I recently started a job that involves interviewing people. At an orientation meeting, our supervisors played the new recruits a slideshow explaining how to set up and conduct interviews. At first, it was predictable advice: Remember to proofread e-mails, always confirm meeting times and locations, etc.
Then the presentation dove into a little too much detail: Six slides explaining how to make a basic phone call; extensive reminders to dress appropriately and “be aware of body language”; and an entire slide on “The Art of a Handshake” (reminding us to “avoid the death squeeze”). The slideshow’s author seemed to think our social skills were about on par with those of a pack of untamed muskrats.
I had a hunch that the slideshow’s author was painfully aware of her audience: UChicago kids. It struck me then that the UChicago archetype has morphed into something that’s not only negative, but also frequently wrong. Our school has embraced a stereotype of social ineptitude, and that stereotype completely misses the point of UChicago culture.
Every student knows some version of the stereotype: It’s the notion that UChicago students uniformly eschew social life to go study, that we spend too much time by ourselves to understand how eye contact works, that we are less assertive than the campus’s squirrels. And it dominates the way people think of UChicago, both within the University and outside it.
Of course, this stereotype didn’t appear out of thin air. It’s rooted in the fact that this school, more than virtually any other, encourages students to pursue what they love, especially if it’s wildly underappreciated elsewhere. Into Dungeons & Dragons? Contra dancing? The presidency of William Taft? At UChicago, that’s great. Our acceptance of the unusual attracts a lot of people.
But the social ineptitude aspect comes from the belief that every person is isolated in her passions, or that intense academics prevent us from interacting with other people. Neither is true. We play D&D in groups. We contra-dance as a community. We talk to each other about President Taft at parties. And we study chemistry in the Reg together.
In short, UChicago culture is not about being an antisocial nerd—it’s about pursuing what you love and finding others who love it too, even if that love happens to be weird or graceless. That’s why the stereotype misrepresents our student body’s true uniqueness.
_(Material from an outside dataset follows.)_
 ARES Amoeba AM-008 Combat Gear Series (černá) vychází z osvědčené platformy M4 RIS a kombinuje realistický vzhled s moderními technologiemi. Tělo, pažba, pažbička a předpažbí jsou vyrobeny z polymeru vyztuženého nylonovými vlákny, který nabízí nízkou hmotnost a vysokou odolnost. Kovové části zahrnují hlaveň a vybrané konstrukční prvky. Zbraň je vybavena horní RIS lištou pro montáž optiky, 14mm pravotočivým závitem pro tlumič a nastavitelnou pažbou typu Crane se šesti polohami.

Strangely, we students propagate the stereotype more than anyone. We hawk social ineptitude and self-absorbed geekiness on T-shirts and coffee mugs as our own personal brand. We mean it to be tongue-in-cheek, knowing that it’s not quite universal, but it sticks nonetheless. As a result, we sell our own zeal as aloof zaniness.
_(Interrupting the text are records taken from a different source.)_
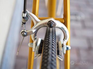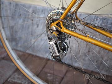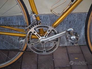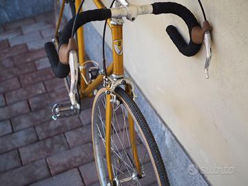 Bicicletta da corsa fine anni '70 o primi anni '80. Marca Fratelli Sala di Biassono (ditta ancora attiva). Telaio molto bello colore oro originale. Completamente restaurata e revisionata. Cavi e guaine freni nuovi, nastro manubrio nuovo, gomme paramani nuovi, ruote e mozzi revisionati, coperture e camere d'aria nuove, revisione movimento centrale e serie sterzo. Deragliatore posteriore Campagnolo 980, deragliatore anteriore Campagnolo, leve e pinze freni Universal 125, guarnitura Ofmega, pedali (molto belli) Roto, ruote con copertoncino. Disponibili anche le gabbiette comprese nel prezzo e visibili in foto. Misure 58 verticale, 56,5 orizzontale, adatta a persone alte più di 180 cm. Ottima per partecipare all'Eroica o ad altre ciclostoriche. Si trova a San Donato Milanese, ritiro e trasporto a carico dell'acquirente. Non spedisco.
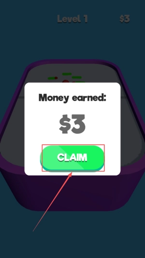 4.胜利收获:当屏幕上出现“Money earned: $3”的提示时,点击“CLAIM”按钮领取奖励,随后进入下一关。
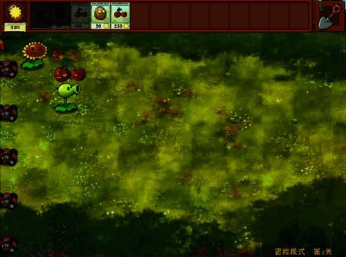 2、用高于向日葵高度的坚果保护一路,其他路可种“豌豆土豆雷”和“豌豆坚果墙”。
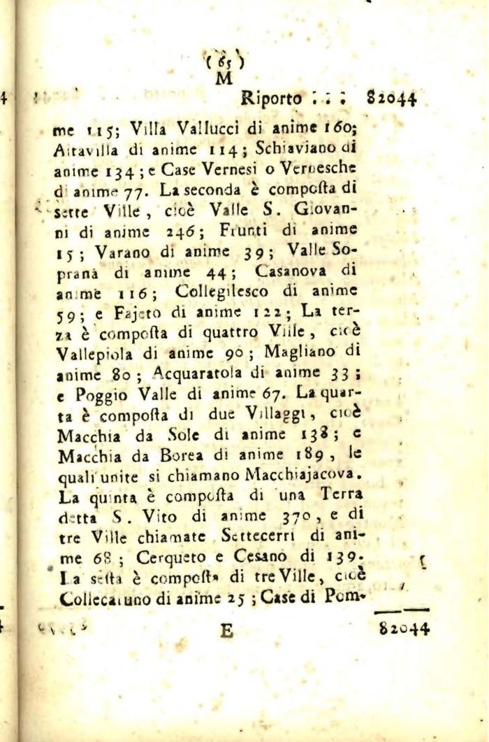 ne 115; Villa Vallucci di anime 160; Altavilla di anime 114; Sch'aviano eli anitre 134 ; e Case Vernesi o Verdesche d anim^ 77. La seconda è comporta di ^ lette Ville, cioè Valle S. G.ovan-ni di anime 246; Fiunti di anime ij; Varano di anime 39; Valle Soprani di anime 44; Casanova di anmé 116; Collegilesco di anime 59 ; e Fiij:to di anime 122; La ter-r\ è comporta di quattro Viile , c.cè Vallepiola di anime 90 ; Magliano di anime 80; Acquaratoia di anime 33; c Poggio Valle di anime 67. La quarta è comporta di due Villaggi, cu è Macchia da Sole di anime 13$; c Macchia da Borea di anime 189 , le quali unite si chiamano Macchiajacova. La quinta è comporta di una Terra detta S. Vito di anime 370, e di tre Ville chiamate Scttecerri di anime 68 ; Cerqueto e Cedano di 139. la sdta è comport» di tre Ville, ocè Coiiecatuno di anime 25 ; Case di Pcm»

To be clear, I’m not claiming that every UChicago student possesses the charisma of Barack Obama and the social finesse of Princess Diana. Some of my fellow interviewers probably appreciated the exposition on phone calls and handshakes. Many on this campus are legitimately not equipped for social situations—but many others are.
Either way, we’re focusing on secondary characteristics. Neither social skills nor a lack thereof gets to the core of what makes UChicago so UChicago-y. Individual passion is what sets our college culture apart, and what makes our campus such an interesting place to be.
Some might think that the stakes aren’t very high. After all, when push comes to shove, won’t a student’s personality speak for itself? If I’m awkward, I’ll come off as awkward. So why does the antisocial stigma really matter?
I think the real danger is when we start to project the stereotype on ourselves—when we decide not to make eye contact with someone we’ve met before and justify it as “UChicago rubbing off” on us. Because it’s not. Social situations make everyone uncomfortable sometimes, and maybe this campus does put us at a disadvantage in the social arena. But aloofness shouldn’t be an inescapable characteristic by which we define our own personalities.
In some ways, we’re breaking out of this pigeonhole. The blog Hyde Park Romances is a great example, reflecting our strange and fascinating spectrum of relationships. It presents our social interactions as we experience them—hit or miss, happy or sad, awkward or charming. It flaunts our idiosyncrasies honestly rather than reductively.
And that’s far better than the tired stereotype. After all, the UChicago brand shouldn’t tell us that we’re socially inept, isolated, or anything; it should reflect the passion and individuality that each of us brings to campus.
Jake Smith is a fourth-year in the College majoring in political science.